◆ **Task description**: What is needed is a word-for-word copy of all the entries, minus the pictures.

:::

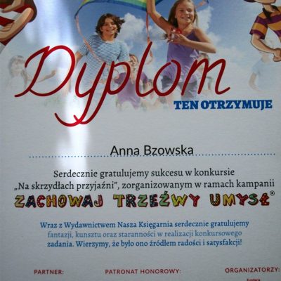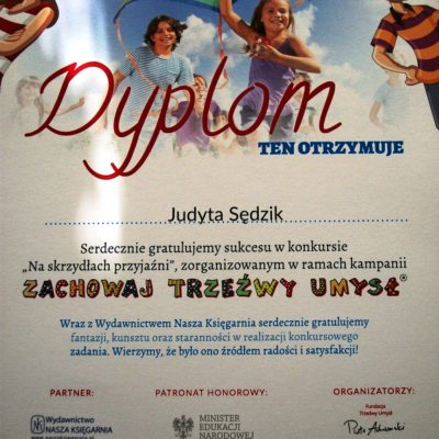 W ubiegłym roku szkolnym w ramach działań profilaktycznych przeprowadzonych pod hasłem akcji uczniowie naszej szkoły brali udział w konkursie literacko – plastycznym „Na skrzydłach przyjaźni”.
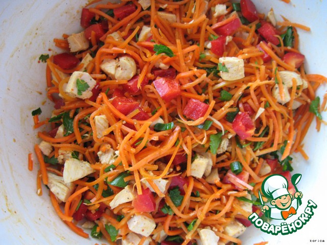 Отварную куриную грудку режем кубиками. Перчик - кубиками. Морковь немного нарезать (так легче перемешать салат, да и кушать удобнее). Из зелени кладем лучок и пару веточек петрушки. Заправляем майонезом и наслаждаемся! Сверху можно посыпать тертым сыром, но немного, так, для красоты. Приятного аппетита!
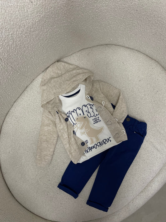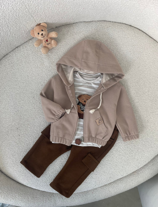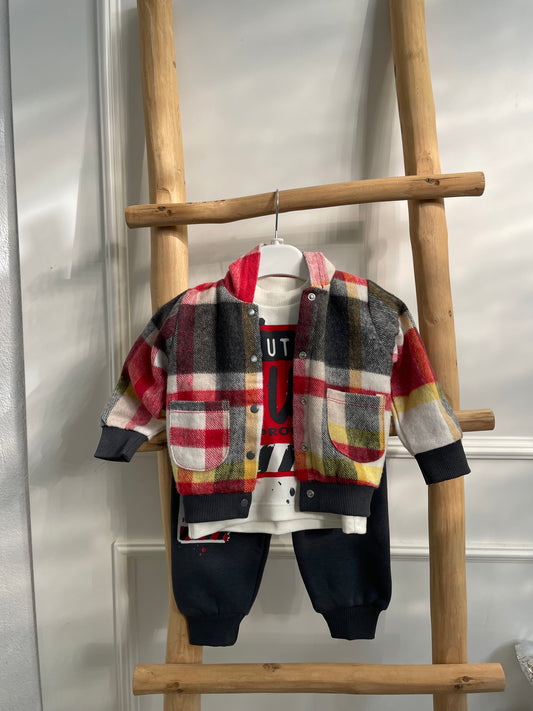 Kostum me tre pjese per djem. Vjen me xhakete me kapuc me kuadrata,bluze me figure...
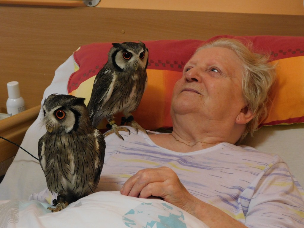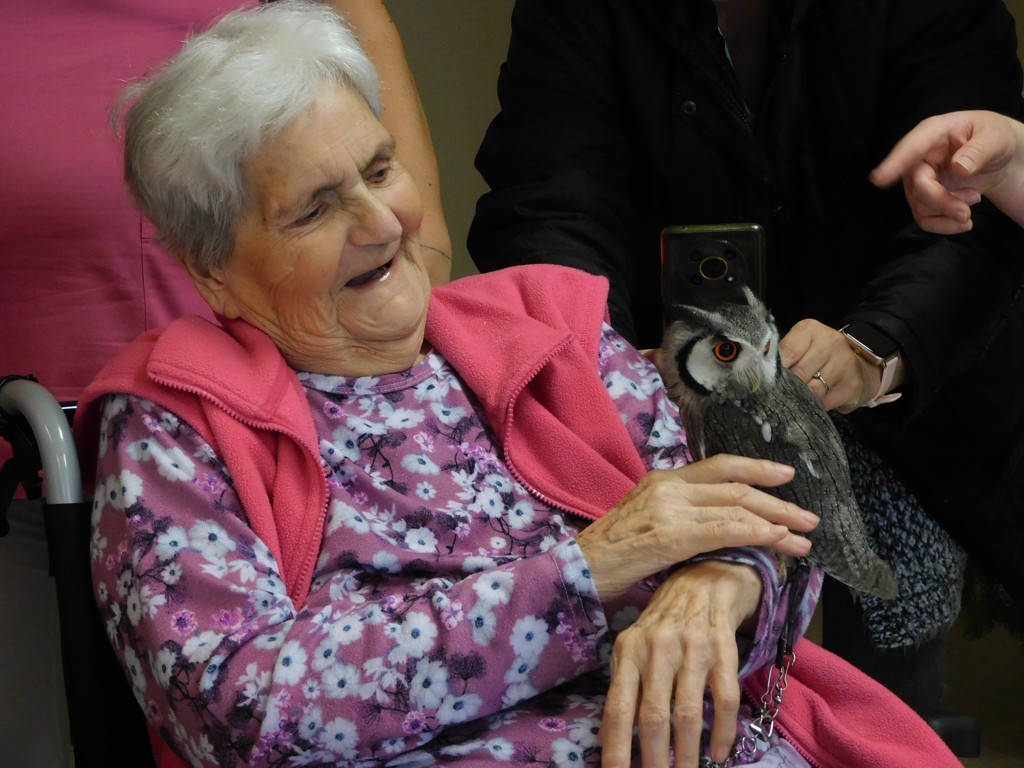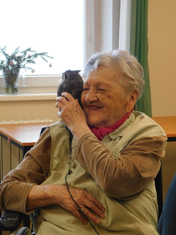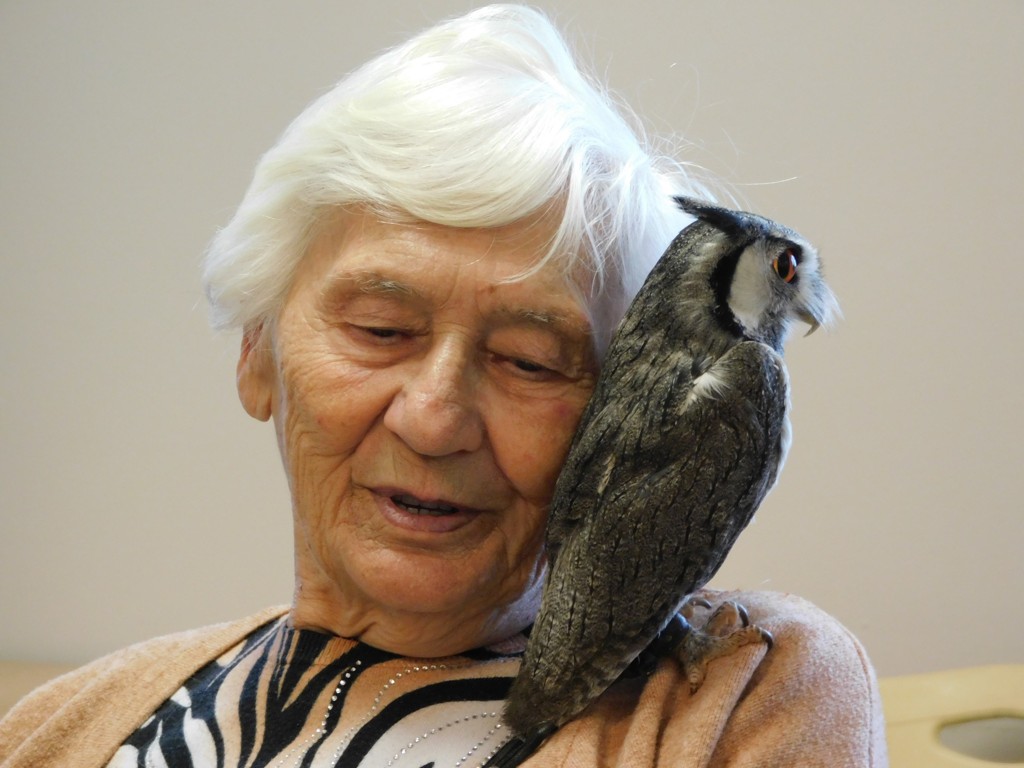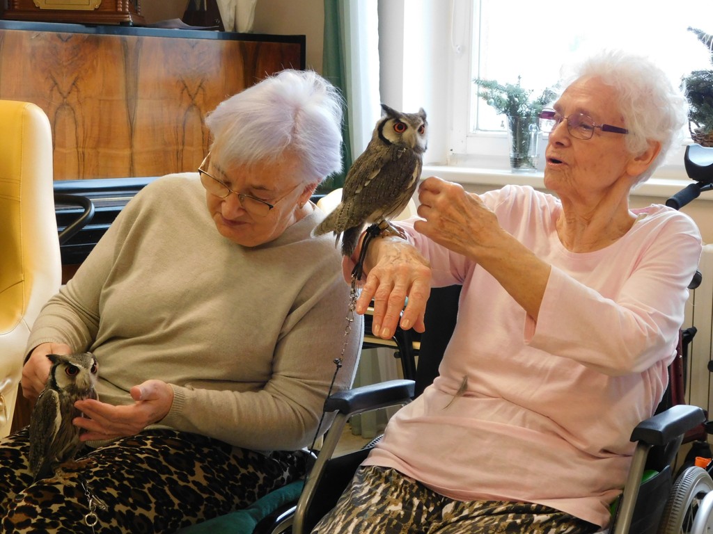 Návštěva chovatelky soviček výrečka bělolícího představovala, v rámci zooterapie, pro uživatele našeho domova skutečný zážitek. Malí opeřenci Ariel a Rozárka přinesli radost a zpestření všedního dne, když si je uživatelé mohli nejen prohlédnout, ale také pohladit či vzít na ruku. Uživatelé měli možnost klást otázky a dozvědět se tak mnoho zajímavostí o tomto jedinečném druhu ptáků, kteří nejsou v naší přírodě k vidění. Společně s chovatelkou jsme navštívili také uživatele, kteří se kvůli zdravotnímu stavu nemohou těchto akcí zúčastňovat, přímo na jejich pokojích. Tento kontakt jim přinesl velkou radost. Návštěva se stala příjemnou, interaktivní a léčivou zkušeností, která rozveselila všechny zúčastněné.
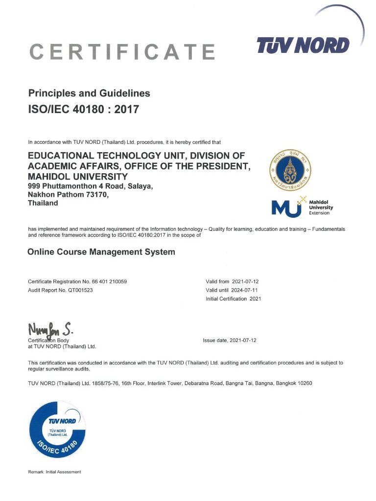 เมื่อเร็วๆ นี้ มหาวิทยาลัยมหิดลได้รับการรับรองระบบการจัดการคุณภาพและการบริหารงานด้าน e-learning และ MOOC ตามมาตรฐาน ISO/IEC 40180:2017 เพื่อยกระดับการจัดการคุณภาพ และการบริหารงานด้านการพัฒนาบทเรียนออนไลน์ให้มีคุณภาพเป็นที่ยอมรับในระดับสากลครั้งแรกในประเทศไทย โดย บริษัททูฟ นอร์ด (ประเทศไทย) จำกัด ซึ่งมีสำนักงานใหญ่อยู่ ณ ประเทศเยอรมนี นับเป็นก้าวแรกที่สำคัญยิ่งของมหาวิทยาลัยมหิดล ในฐานะผู้นำในการพัฒนาคุณภาพบทเรียนออนไลน์ให้ได้มาตรฐานสากลอย่างยั่งยืน ท่ามกลางสถานการณ์ COVID-19 ที่ทั่วโลกพลิกโฉมการเรียนรู้สู่ระบบออนไลน์อย่างเต็มรูปแบบ
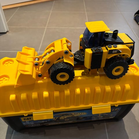 Osista koottava CAT nosturi ja trukki ohjeineen sekä kolme nosturin tarviketta. Kerran rakennettu valmiiksi ja sen jälkeen ollut lähinnä koristeena. Kuvassa narut luistaneet irti solmuista.
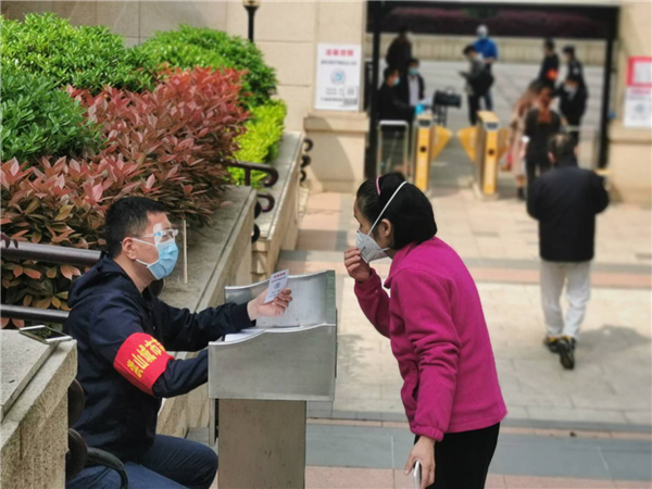4月8日一大早,复地悦城小区二期门口,省档案馆下沉工作人员为出入小区的居民逐一核查登记信息,为外出购物居民发放出入“小卡片”,填上外出时间,进入小区时,再由工作人员填上返回时间。
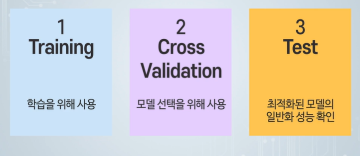 - "테스트 데이터 셋을 사용하여 최적의 모델을 선택하고, 검증 데이터 셋을 이용하여 모델의 성능을 평가할 수 있다."
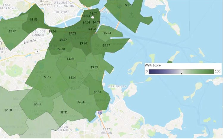 The data highlights the correlation between walkability and rental rates. Walkable areas tend to command higher rents due to convenience and amenities. As Boston continues to enhance walkability, property values and rental rates are likely to benefit.

:::

◆ **Answer area**:
 W ubiegłym roku szkolnym w ramach działań profilaktycznych przeprowadzonych pod hasłem akcji uczniowie naszej szkoły brali udział w konkursie literacko – plastycznym „Na skrzydłach przyjaźni”.
 Отварную куриную грудку режем кубиками. Перчик - кубиками. Морковь немного нарезать (так легче перемешать салат, да и кушать удобнее). Из зелени кладем лучок и пару веточек петрушки. Заправляем майонезом и наслаждаемся! Сверху можно посыпать тертым сыром, но немного, так, для красоты. Приятного аппетита!
 Kostum me tre pjese per djem. Vjen me xhakete me kapuc me kuadrata,bluze me figure...
 Návštěva chovatelky soviček výrečka bělolícího představovala, v rámci zooterapie, pro uživatele našeho domova skutečný zážitek. Malí opeřenci Ariel a Rozárka přinesli radost a zpestření všedního dne, když si je uživatelé mohli nejen prohlédnout, ale také pohladit či vzít na ruku. Uživatelé měli možnost klást otázky a dozvědět se tak mnoho zajímavostí o tomto jedinečném druhu ptáků, kteří nejsou v naší přírodě k vidění. Společně s chovatelkou jsme navštívili také uživatele, kteří se kvůli zdravotnímu stavu nemohou těchto akcí zúčastňovat, přímo na jejich pokojích. Tento kontakt jim přinesl velkou radost. Návštěva se stala příjemnou, interaktivní a léčivou zkušeností, která rozveselila všechny zúčastněné.
 เมื่อเร็วๆ นี้ มหาวิทยาลัยมหิดลได้รับการรับรองระบบการจัดการคุณภาพและการบริหารงานด้าน e-learning และ MOOC ตามมาตรฐาน ISO/IEC 40180:2017 เพื่อยกระดับการจัดการคุณภาพ และการบริหารงานด้านการพัฒนาบทเรียนออนไลน์ให้มีคุณภาพเป็นที่ยอมรับในระดับสากลครั้งแรกในประเทศไทย โดย บริษัททูฟ นอร์ด (ประเทศไทย) จำกัด ซึ่งมีสำนักงานใหญ่อยู่ ณ ประเทศเยอรมนี นับเป็นก้าวแรกที่สำคัญยิ่งของมหาวิทยาลัยมหิดล ในฐานะผู้นำในการพัฒนาคุณภาพบทเรียนออนไลน์ให้ได้มาตรฐานสากลอย่างยั่งยืน ท่ามกลางสถานการณ์ COVID-19 ที่ทั่วโลกพลิกโฉมการเรียนรู้สู่ระบบออนไลน์อย่างเต็มรูปแบบ
 Osista koottava CAT nosturi ja trukki ohjeineen sekä kolme nosturin tarviketta. Kerran rakennettu valmiiksi ja sen jälkeen ollut lähinnä koristeena. Kuvassa narut luistaneet irti solmuista.
4月8日一大早,复地悦城小区二期门口,省档案馆下沉工作人员为出入小区的居民逐一核查登记信息,为外出购物居民发放出入“小卡片”,填上外出时间,进入小区时,再由工作人员填上返回时间。
 - "테스트 데이터 셋을 사용하여 최적의 모델을 선택하고, 검증 데이터 셋을 이용하여 모델의 성능을 평가할 수 있다."
 The data highlights the correlation between walkability and rental rates. Walkable areas tend to command higher rents due to convenience and amenities. As Boston continues to enhance walkability, property values and rental rates are likely to benefit.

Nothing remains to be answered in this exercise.